We may contain multitudes, but there are limits
In the comments of one of Other Scott’s recent posts, the tired discussion about whether we’re contractually obligated to agree with each other arose. We’re not. Nor are we obligated to write about whatever your pet issue happens to be. I say this because I don’t know what the other bloggers here think about the George Zimmerman case and I don’t particularly care to write about it. But if I did care and were I to write about it, I might write something like this:
the political melodrama should also not be allowed to obscure the reality of this trial: it is about the death of an unarmed 17-year-old, who was not a felon, who was on a neighborhood run to get Skittles, and whose life has been extinguished. Given that the young man was unarmed and that he inflicted very superficial injuries on his adversary during their scuffle, Zimmerman’s claim that he was in fear for his life has to be taken with a grain of salt, to say the least.
But never something like this:
In the Trayvon Martin case, the media withheld details of the crime that were damaging to Trayvon in order to protect him and indict Zimmerman—that the mainly white community he had entered at night had been the target of a rash of recent break-ins and burglaries by young African -American men; that the hoodie Trayvon was wore was a uniform for burglars; and that Trayvon had been suspended from school after burglary tools were discovered on his person along with unaccounted-for jewelry.
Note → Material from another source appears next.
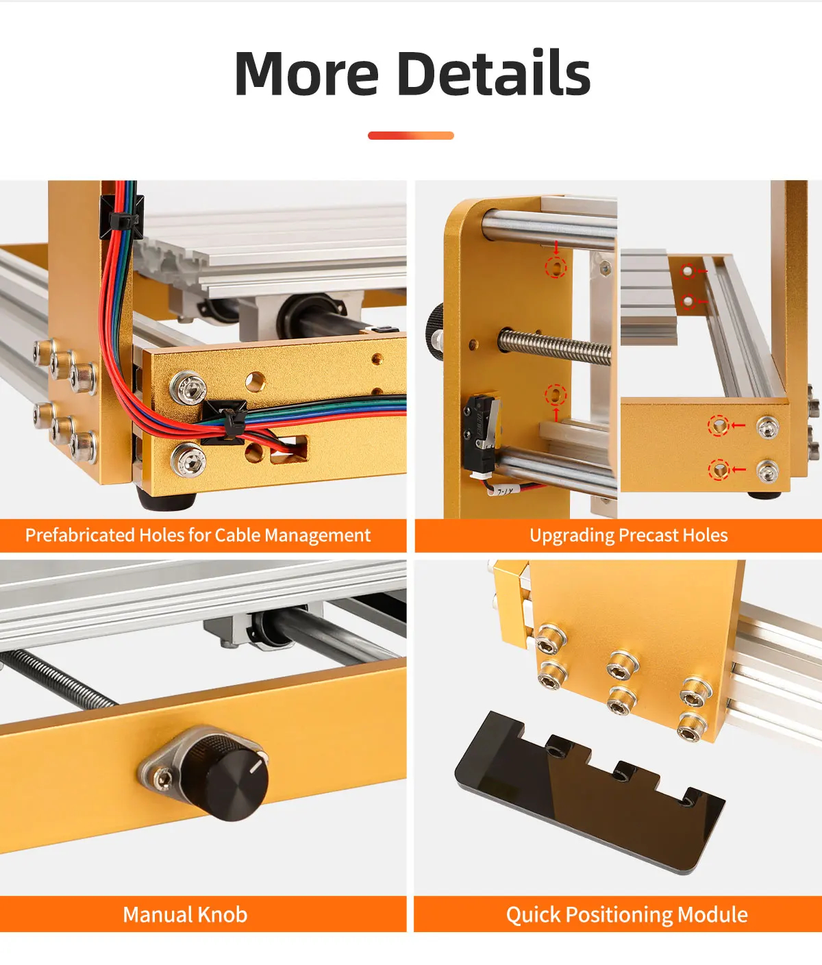 - All Metal Structure: The All-metal Construction Has Durability, Stability and Reliability. By Using Reinforced Aluminum Profiles, The Machine Frame can Withstand Heavy Loads and Resist Wear And Tear Over Time. Furthermore, No Plastic Parts (Except For Electrical Components) Ensures That The Frame Maintains Its Structural Integrity Even in Harsh Operating Conditions.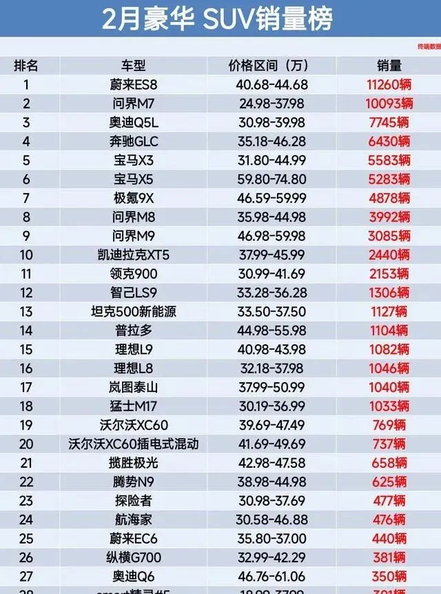 这场豪华SUV的战役,才刚刚进入白热化。二月的赢家们固然可喜,但真正的考验还在后面。谁能持续拿出过硬的表现,谁就有机会在年底的大榜上笑到最后。

At the same time, the press flooded the airwaves and front pages with sentimental photos of Trayvon as an innocent adolescent, while withholding others of the six-foot-two, 17-year-old who beat the smaller Zimmerman to the ground, smashing his head on the concrete and causing him to scream repeatedly for his life before he fired his gun in self-defense.
Especially not the part in bold. Even if I somehow did, I’d be sure not to publish another article on the same site on the same day in which I wrote that Martin “inflicted very superficial injuries on his adversary during their scuffle, [meaning] Zimmerman’s claim that he was in fear for his life has to be taken with a grain of salt[.]”
Then again, I’m not David Horowitz.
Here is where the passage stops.